Add to this, then Finn’s dilemmas when it comes to women. First, he has a girl who loves him back in Ireland, although he hasn’t committed to her. Then, he falls in love with Lady Laura, who reciprocates the affection, but decides she cannot marry him because of her complex financial situation. See, she had an independent fortune, but she used it already to bail out her flaky brother, Lord Chiltern, so she would be as penniless as Finn. Instead, she marries Robert Kennedy, a star in Parliament with a substantial fortune. Unfortunately for her, after she marries him, she realizes that he has very traditional views about women and gender roles, and she feels disrespected and stifled.
Having lost his first choice, Finn next falls for Laura’s distant cousin, Violet. But Violet has been friends with Lord Chiltern since childhood, and they just haven’t entirely realized they love each other. Part of the problem is that since Chiltern is so flaky and thus estranged from his father, family approval would not be forthcoming. Violet does, however, have her own fortune, so there is that. She likes Finn, but not in that way, so she turns him down.
Finally, the beautiful and witty German widow, Madame Max Goesler, falls for Finn. And this would be a good match on paper. In fact, Madam Max has turned down the elderly but fantastically rich Duke of Omnium, so she would be a social and financial benefit to Finn. He is tempted, but he is also convinced that he would hate himself for marrying for money like Laura.
So, it is all very complicated.
The themes of the book would therefore be, in my view, the competing demands of love and money (common in Trollope’s books), and the conflict between ideals and reality in politics.
So much for the plot. As I have noted in pretty much every post about Trollope, the plots are not the thing. He actually tends to telegraph his plots from the beginning, and the point of his books is never what happens, but how the characters respond to what happens. In this case, the book very much centers on Finn’s interior life, and how makes his choices, for better or worse.

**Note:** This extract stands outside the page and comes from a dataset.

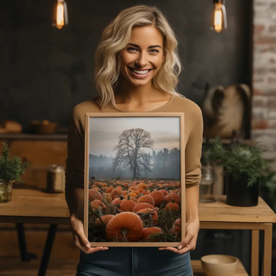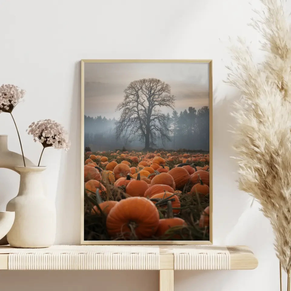 Gestalten Sie Ihr Zuhause mit unserem einzigartigen Herbststimmung mit Kürbissen Poster, das perfekt für Naturliebhaber und Deko-Enthusiasten geeignet ist. Dieses beeindruckende Poster zeigt ein weitläufiges Feld voller Kürbisse, die sowohl auf dem Boden liegen als auch stolz an ihren Stielen hängen. Der blattlose Baum im Hintergrund, umgeben von einem nebligen Ambiente und einer Baumreihe in der Ferne, schafft eine ruhige und besinnliche Atmosphäre, die die Schönheit der Natur im Herbst einfängt.

The thing is, he, like most of us, makes choices for reasons that make sense to him, but not necessarily to us. And these choices are neither all good, nor all bad. They have consequences, but they are not clearly right or wrong, and it is difficult to say for sure whether he made the best choice or not.
In part, this is because his love for the various women he considers is never at the level of a true passion. He could, quite likely, have been happy with any of the four. I personally found his childhood love, Mary Flood Jones, to be a bit insipid, and indeed, her main attraction to him is that she is sweet and devoted. But for him, she will probably be fine. But so would the others, whether the ambitious and intelligent Laura (who in our time would have been able to serve in Parliament herself, which would have been best for her), the strong and independent Violet, or the scintillating Madame Max. But two rejected him, and he rejected another, and so he marries Mary.
I also personally disagreed with his decisions at the end regarding his career. But his choice was morally defensible to be sure, although it demonstrated his (and perhaps Trollope’s) inability to tolerate the compromises and long-term strategy required for functional politics.
But this is why Trollope’s books are so good: the moral and psychological nuances are so true to humanity, that even arcane Victorian politics feel on point in the 21st Century. In fact, I cannot think of anything I have read that makes the reality of politics come alive quite like this book. And, of course, his writing is excellent. So, of course, I have plenty of quotes.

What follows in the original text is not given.